General Mills may appear to be a value trap, but its cash flow tells a different story.

The company is divesting underperforming brands, maintaining a nearly 5% dividend, and trading at a significant discount to its consumer staples peers.

But revenue growth remains sluggish, and EPS is expected to decline again this year.

For income-focused investors, GIS offers stable returns in a volatile market.

But it will need to prove that pet food and foodservice growth can offset volume losses and pricing headwinds in core grocery.

The next earnings call could be a turning point for sentiment.

The U.S.–Japan trade deal introduces new variables into an already volatile earnings season.

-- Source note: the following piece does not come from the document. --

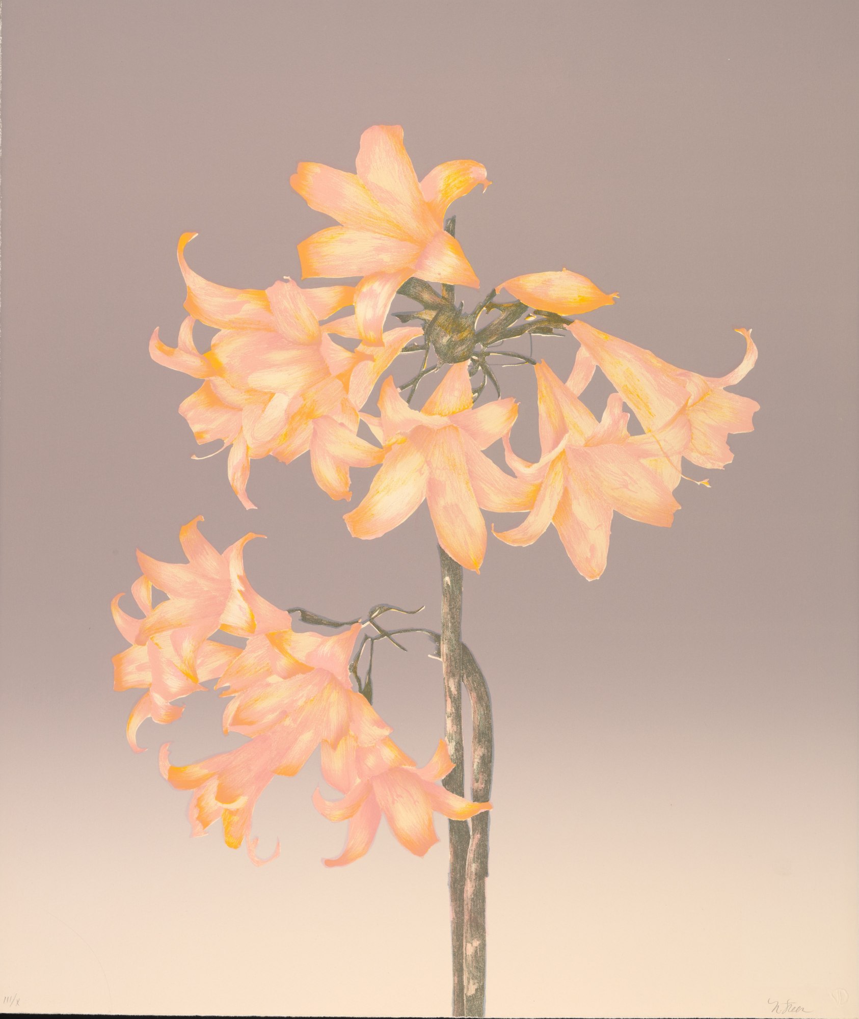 Item description: Peach lilies on grey background.
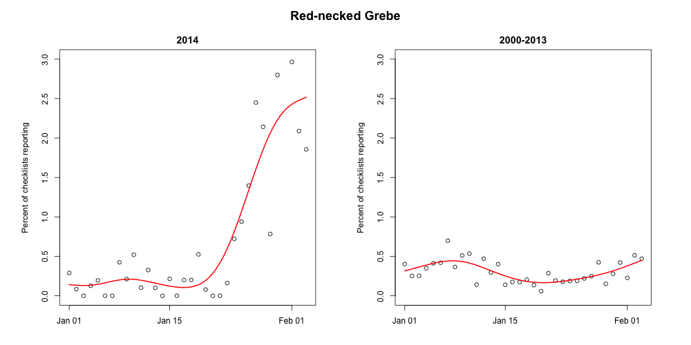 Late last week Teams BirdCast and eBird posted a story about some recent winter movements. Here, we decided to look a bit more closely at what seemed to be some rather drastic departures this winter in the patterns of distributions of two species: White-winged Scoter and Red-necked Grebe. We focused our efforts on eBird data submitted for the month of January in the 2000-2014 period from New York, New Jersey, Pennsylvania, Maryland, and Delaware. The data show some intriguing patterns. The figures below were created by BirdCaster Benjamin Van Doren, showing daily changes in the percentage of complete checklists in the given region that report White-winged Scoter and Red-necked Grebe. The right graph plots the January 2000-2013 daily patterns of changes in percentage of complete checklists reporting the species as well as a smoothed trend line, and the left graph plots the January 2014 pattern. Notice that, for both species, the 2014 data show striking differences in the numbers of checklists in this region reporting these two species in the last 10 days of January and into early February.

While the broader market is still finding its footing, stock-specific catalysts are emerging as key drivers.

Centene is navigating a storm in healthcare policy and guidance cuts, while Enphase is adjusting to policy shifts on solar tariffs.

On the other hand, Freeport and Hudbay are well-positioned to benefit from long-term global demand for copper, particularly as infrastructure and energy transition investments gain momentum.

General Mills continues to serve as a defensive dividend play, even as growth remains a question.

In this environment, flexibility is key. Global headlines and earnings surprises can cause stocks to move quickly.

Stay sharp, stay selective, and focus on what’s changing, not just what’s already run.